Recognize session started
Speech start detected
Recognizing: con el
Recognizing: con el servicio de tele
Recognizing: con el servicio de tele terapia
Recognizing: con el servicio de tele terapia de
Recognizing: con el servicio de tele terapia de tercer
Recognize session stopped
Error trying to recognize text: Reason = Error, ErrorCode = ServiceTimeout, ErrorDetails = Timeout while waiting for service to stop SessionId: e289298cf97447b89bd088a665e6c095

所以它正在执行大约 90% 的文件(大约 4 秒长)但是它卡住了并且直到我用 StopContinuousRecognitionAsync 强制它才结束。

当我在 speech studio 上试用这个文件时,它几乎可以识别完全相同的东西,但不会卡住。

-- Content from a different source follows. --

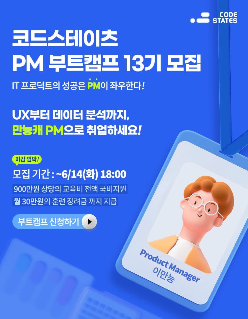 <코드스테이츠 프로덕트 매니지먼트 부트캠프> 13기 수강생을 모집합니다!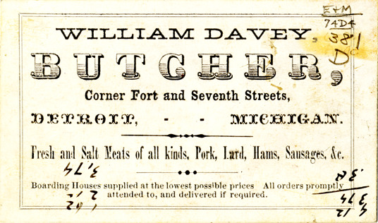 View of a business card for William Davey. Printed on front: "William Davey, butcher. Corner Fort and Seventh Street, Detroit, Michigan. Fresh and salt meats of all kinds, pork, lard, hams, sausages, &c. Boarding houses supplies at the lowest possible prices. All orders promptly attended to, and delivered if required."

请注意,我使用的是免费订阅。难道是因为那个?还有什么我可以尝试的吗?

你看到这个的原因是正在使用的音频输入流仍在耐心地“等待”更多数据被推送到它的可能性。流无法知道这是文件的完整内容,而不是正在转发刚刚被阻塞几秒钟的 real-time 输入流。如果流的末尾没有附加足够的尾随静默,那么假设的未来数据甚至可能会影响您收到的最终识别结果——这就是为什么您会看到文件末尾尚未被识别的原因(尚未最终确定)。

两个可能的修复:

  1. PushAudioInputStream 上调用 .Close() 或写入一个空缓冲区 (.Write(new byte[0])) 以显式标记流的结尾并允许 SDK 将内容打包而无需等待更多数据
  2. 如果只是文件输入,请考虑使用 AudioConfig.FromWavFileInput 以避免自己需要执行任何这些步骤。

正如一个补充说明:我不建议从源自相同对象的回调(事件)中对这些 SDK 对象调用 .Dispose。如果在调用 Dispose 的回调完成后仍有未决的回调等待分派,这可能会导致一些有趣的情况。如果需要比 IDisposable 将通过有效的 using 语句提供的更迅速的处置,则在主线程上执行(例如,通过等待 TaskCompletionSource 完成时发出信号)或新任务线程 (Thread.Run(() => cleanup())) 将避免任何潜在的拆解和事件并发问题。